Many years ago, I was hitch-hiking east from San Francisco. (It was 1967, the summer of love – but that’s another story.) Somewhere in Wyoming, at around 2 am, with no houses or streetlights for hundreds of miles, the car started making funny noises which, given our collective state of mind, sounded ominous. We pulled over, got out, and there it was – the biggest sky I, a city dweller, had ever seen. It was both darker and brighter than I would have thought possible. Stars. And more stars. Bursting out from a background that was beyond black. It was so amazing, so surprising, so beautiful that it almost felt spiritual. I ignored the car and just stared.
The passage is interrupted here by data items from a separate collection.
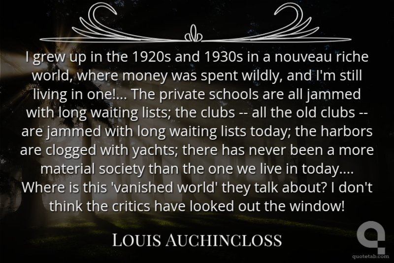 I grew up in the 1920s and 1930s in a nouveau riche world, where money was spent wildly, and I'm still living in one!... The private schools are all jammed with long waiting lists; the clubs -- all the old clubs -- are jammed with long waiting lists today; the harbors are clogged with yachts; there has never been a more material society than the one we live in today.... Where is this 'vanished world' they talk about? I don't think the critics have looked out the window!
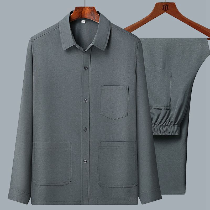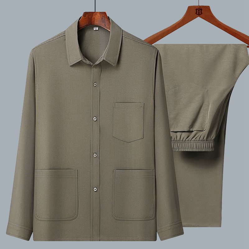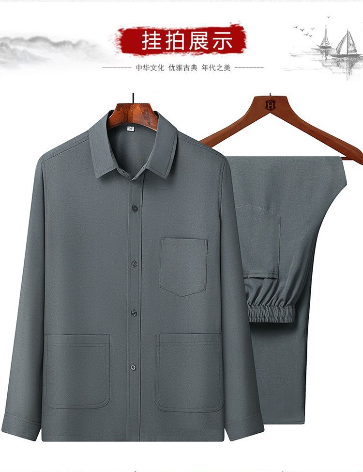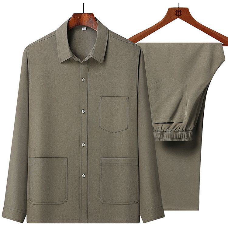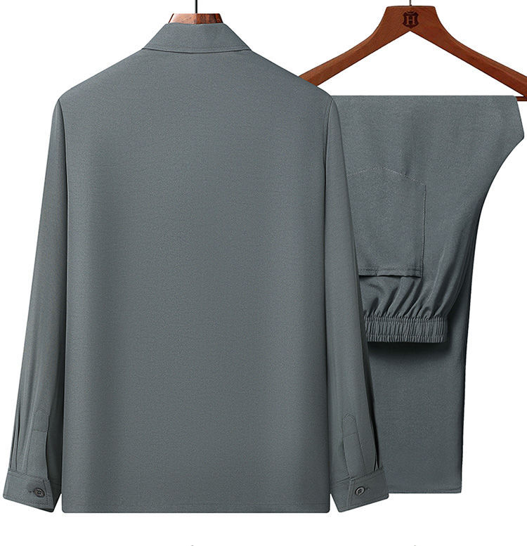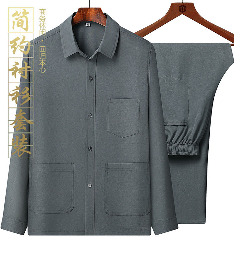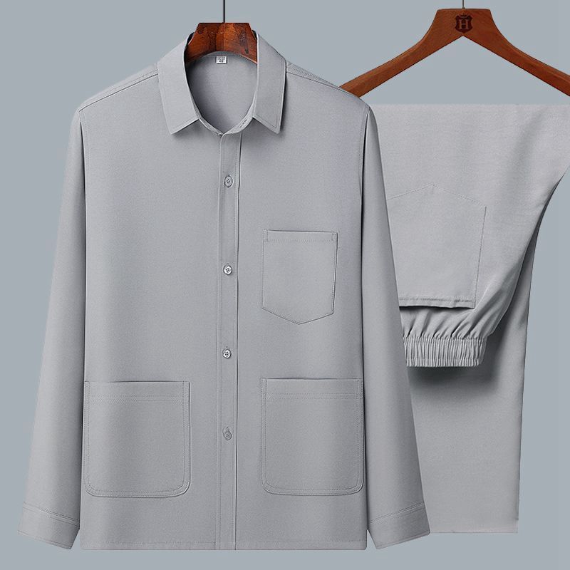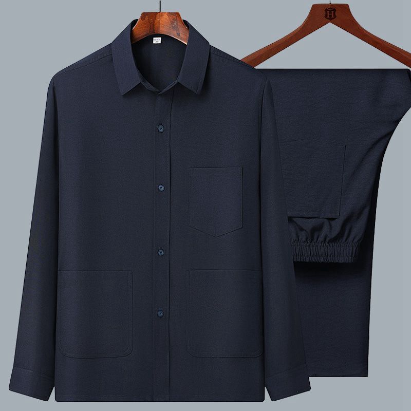 중년 및 노인을위한 아이스 실크 셔츠 남자 긴팔 세트 여름 플러스 사이즈 셔츠 아빠의 여름 옷 할아버지 노인 캐주얼 옷스토어 가기
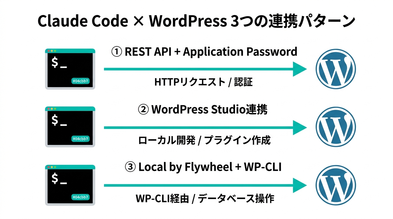 室谷ここから具体的な話に入ります。Claude CodeとWordPressをつなぐ方法は、大きく3つのパターンに整理できるんですよね。
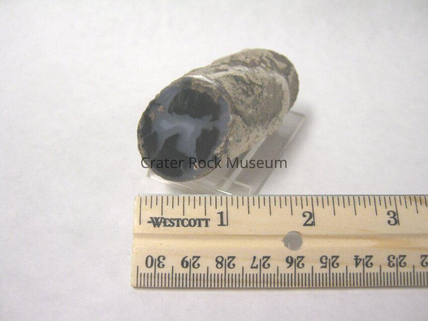 The original description by Delmar: Five pieces of limbcasts after bamboo, from Wyoming. Polished ends show black and beige wood in grey agate (fortified in most outer cast is in beige and brown). Delmar estimated these pieces to be 200 million years old (Jurassic Period)
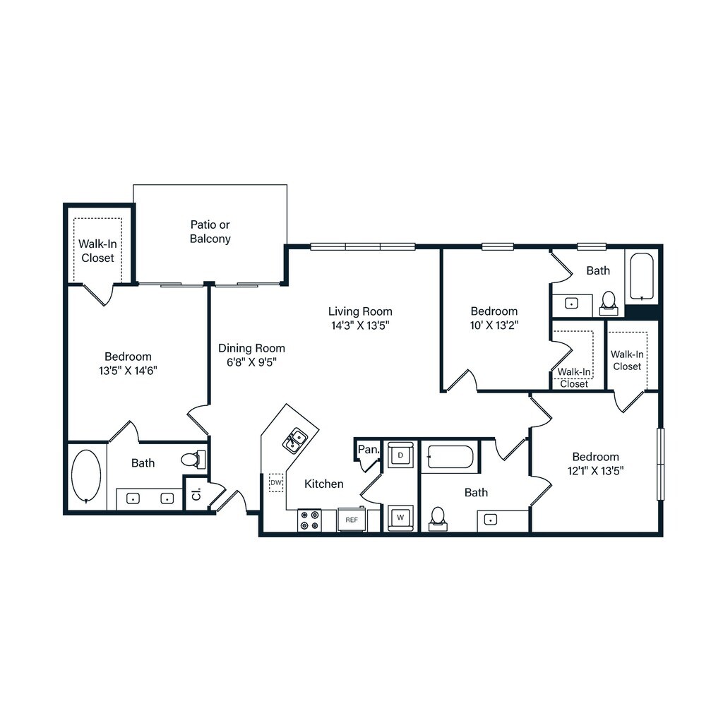 1 Bedroom to 3 Bedroom Apartments at Reveal Lake Ridge currently range from $1,241 to $2,564
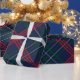 Wrap your Christmas gifts in style! This festive holiday gift wrapping paper features a classic navy blue, hunter green, red, and white Scottish tartan plaid pattern made modern on a diagonal.
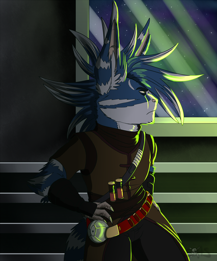 #alien #blue #dark #eight #furry #glowing #gray #industrial #male #programming #screens #shop #smoke #smoking #stripes #tech #warehouse #green_eyes #black_shirt #computer #kriat #classiceight #kriat_taas
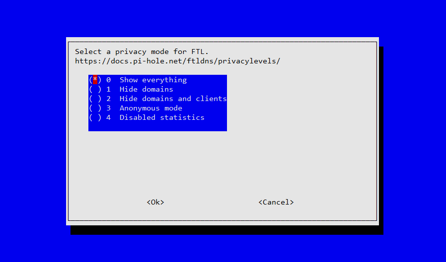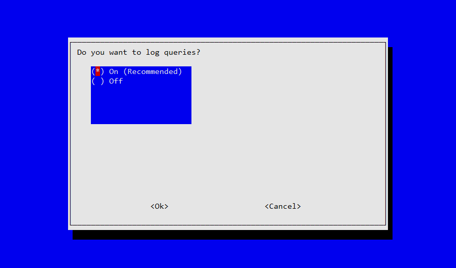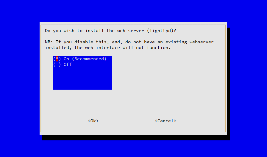 Nu komen er een aantal vragen m.b.t. de administratie interface, de lighttpd webserver, log queries en de FTL modes. Geef bij al deze opties OK (standaard selectie).
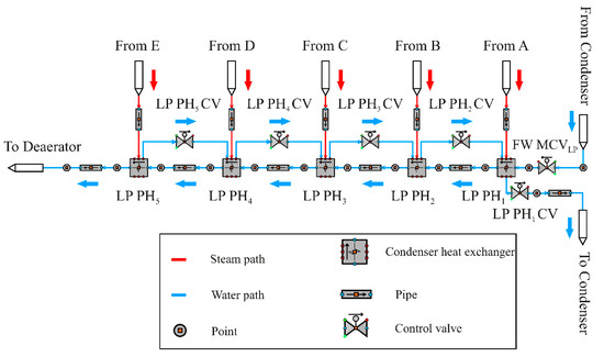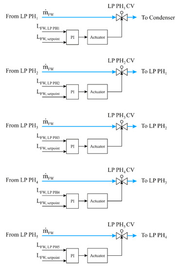Changes in the levels of the shell side for the LP preheaters are caused due to steam extractions from the turbine. Therefore, these levels of condensed water in the shell side are controlled using fife LP preheaters control valves (LP PH1 CV1—LP PH1 CV5). The locations of the LP preheater control valves are illustrated in Figure 4. The operation mode of LP PH level control circuits can be described in the three steps as follows:
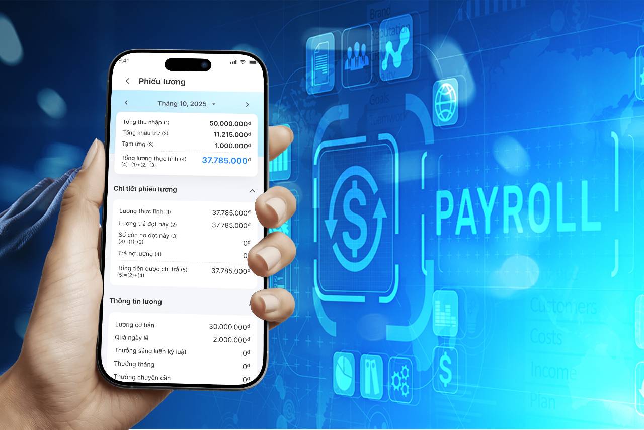 Tự động tính lương từ dữ liệu chấm công thực tế. Phiếu lương điện tử, cấu hình thuế TNCN & bảo hiểm, tích hợp với hệ thống tài chính.
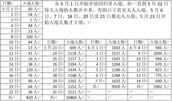 从5月1日至5月22日入境人数共820人,之后入境人数大增,1天的人数就超过这人数了。从5月23日至月底入境人数共有10860人。6月份第一周入境人数9920人,第二周入境人数5902人,总计至6月14日,由妙瓦底口岸入境人数达到27502人。现在每天入境人数不似高峰时期每天到达上千人,但也是还有几百人,而且短期内这人数还不会减少。

I’ve never seen anything like that again. Even worse, according to the International Dark Sky Association, unless something changes it’s unlikely that I ever will. Nationally, over-illumination is growing at more than a compounding 2.2% a year; actually, even higher because sensors don’t seem to register the short-wavelength blue light that is an increasing component of brighter LED and other sources. Some Massachusetts communities are brightening at ten times that rate! The skyglow of artificial light causes the sky to be 5–10 times brighter in urban areas than a naturally dark sky. We are losing sight of between 25 and 80 stars every day, between 1 and 3 per hour. About 80% of Americans, and at least a third of the world’s people, can no longer see the Milky Way. It’s a kind of blindness that we shouldn’t let ourselves suffer.
MORE IS NOT ALWAYS BETTER
Probably it was our evolutionary past that made us wary of the dark in the night and in the back of the cave – it held the unknown, the scary and dangerous, the lairs of monsters. We loved the sun, embracing its warmth and sightfulness – until we learned that too much can burn, or disfigure, or even make us ill.
When electricity replaced air-fouling torches and candles, we did the same with artificial light; installing more and more, illuminating every corner of our homes and communities in a pursuit of security, safety, comfort, and access. Until we overdid it, again – putting in way more than needed with unnatural brightness and spectrums, distorting nature, increasing social stress, causing personal illness, and hiding the stars. Commercial store facades, roof-top displays, and advertising panels are a big and growing part of the light-pollution problem, including the increasing levels of “light trespass” that disrupts neighboring homes. But the most widespread source of unnecessary illumination, especially of wasted “uplighting”, are our streetlights.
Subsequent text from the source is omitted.